3. The venues we traveled to

4. The airport

5. The cleanliness of the country

 

The things I wasn’t too thrilled about:

1.The water smells like rotten eggs ( sulfur)

2. The weather is awful. All the time.

3. The price of things is waaaaaaaay ridiculous

4. You can’t go to the bathroom in a public place without having to pay.

5. it’s light out, literally and truthfully, 24 hours a day – no nightfall at all while we were there.

And now for some clarity. On the things I liked list:

The people are so friendly, they ALL speak English ( so yay!!) and they genuinely seem happy. The roads are amazing. Single lanes both ways, but not one pothole, dirt road, divet, or detour anywhere we traveled. You can see what they spend tax money on plain as day. All the places we went to visit were great! The airport was super clean,  accessible, and made sense to a foreigner ( me!). This is the cleanest country I have ever been in. No garbage, no litter, no homeless, no druggies.

Now, the negatives.

The country was formed when a volcano exploded so there is lava rock everywhere. Because of this, they are geothermal. The water comes from the underbelly of the lava so it smells like sulfur. Big time. I held my nose every shower I took. It rained everyday. All day. And never got above 50 degrees. I will never complain about the prices of things in the US again. A hamburger cost 29 dollars. A 16 oz. diet soda was 5.5o. Lunch routinely cost us 100.00. LUNCH! The kronur is 100 to 1 US dollar. 5 dollars is 500 kronars. Ridiculous. Also ridiculous is that you have to pay to pee. Everywhere. The public restrooms cost us 200 Kronur per pee each. I’m sorry, but there are some things in life that should be free: air, water, dirt, and the ability to pee. My daughter told me that this is a big thing in Europe = paying to use the public toilet. I stopped drinking completely when I found this out, Really. I was practically dehydrated, but I didn’t have to pay to pee. Everywhere we stopped I told my girls, ” find out if you can pee for free.”

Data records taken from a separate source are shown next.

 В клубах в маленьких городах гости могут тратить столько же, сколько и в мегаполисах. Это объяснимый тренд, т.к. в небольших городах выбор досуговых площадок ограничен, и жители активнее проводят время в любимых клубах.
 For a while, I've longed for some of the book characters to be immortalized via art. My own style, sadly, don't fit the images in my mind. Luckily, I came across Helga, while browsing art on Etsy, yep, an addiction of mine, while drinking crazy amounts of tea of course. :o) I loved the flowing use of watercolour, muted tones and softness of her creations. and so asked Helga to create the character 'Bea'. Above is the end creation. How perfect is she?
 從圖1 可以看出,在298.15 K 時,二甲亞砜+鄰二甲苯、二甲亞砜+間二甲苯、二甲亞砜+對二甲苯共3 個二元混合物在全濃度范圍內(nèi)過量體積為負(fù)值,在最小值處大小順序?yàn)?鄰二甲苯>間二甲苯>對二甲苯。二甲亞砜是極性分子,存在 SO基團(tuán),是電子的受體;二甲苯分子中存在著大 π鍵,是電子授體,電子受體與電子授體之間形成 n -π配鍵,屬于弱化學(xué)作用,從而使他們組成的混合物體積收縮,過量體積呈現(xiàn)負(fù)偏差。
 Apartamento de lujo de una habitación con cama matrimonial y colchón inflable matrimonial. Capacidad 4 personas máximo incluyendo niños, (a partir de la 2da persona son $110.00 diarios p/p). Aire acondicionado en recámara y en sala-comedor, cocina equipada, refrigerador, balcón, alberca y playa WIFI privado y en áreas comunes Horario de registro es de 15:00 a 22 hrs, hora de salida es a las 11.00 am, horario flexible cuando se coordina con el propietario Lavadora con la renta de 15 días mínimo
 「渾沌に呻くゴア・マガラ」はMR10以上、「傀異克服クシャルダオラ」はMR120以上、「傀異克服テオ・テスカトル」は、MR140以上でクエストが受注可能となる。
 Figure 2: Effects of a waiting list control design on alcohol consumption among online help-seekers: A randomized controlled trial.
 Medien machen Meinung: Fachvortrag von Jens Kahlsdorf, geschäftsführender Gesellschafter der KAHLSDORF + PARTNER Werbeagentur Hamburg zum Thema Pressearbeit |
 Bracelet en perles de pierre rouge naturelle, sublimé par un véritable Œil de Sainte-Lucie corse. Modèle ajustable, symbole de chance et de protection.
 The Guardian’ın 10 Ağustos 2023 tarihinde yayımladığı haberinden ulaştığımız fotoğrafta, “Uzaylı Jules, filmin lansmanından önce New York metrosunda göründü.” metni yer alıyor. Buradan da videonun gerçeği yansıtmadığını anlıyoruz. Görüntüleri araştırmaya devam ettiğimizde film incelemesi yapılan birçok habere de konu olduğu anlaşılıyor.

A word about the perpetual light. It’s a real thing. There were blackout shades over all the windows in the house we stayed in, but it really didn’t make that much of a difference. At 2 oclock in the morning it looked like 3 pm outside. Very unsettling to the psyche.

Overall, I enjoyed the vaca, despite the few negatives. Would I go back? Probably not. It was a one and done for me. But I’m glad I went and saw the land of the midnight sun. Which is a thing. Really.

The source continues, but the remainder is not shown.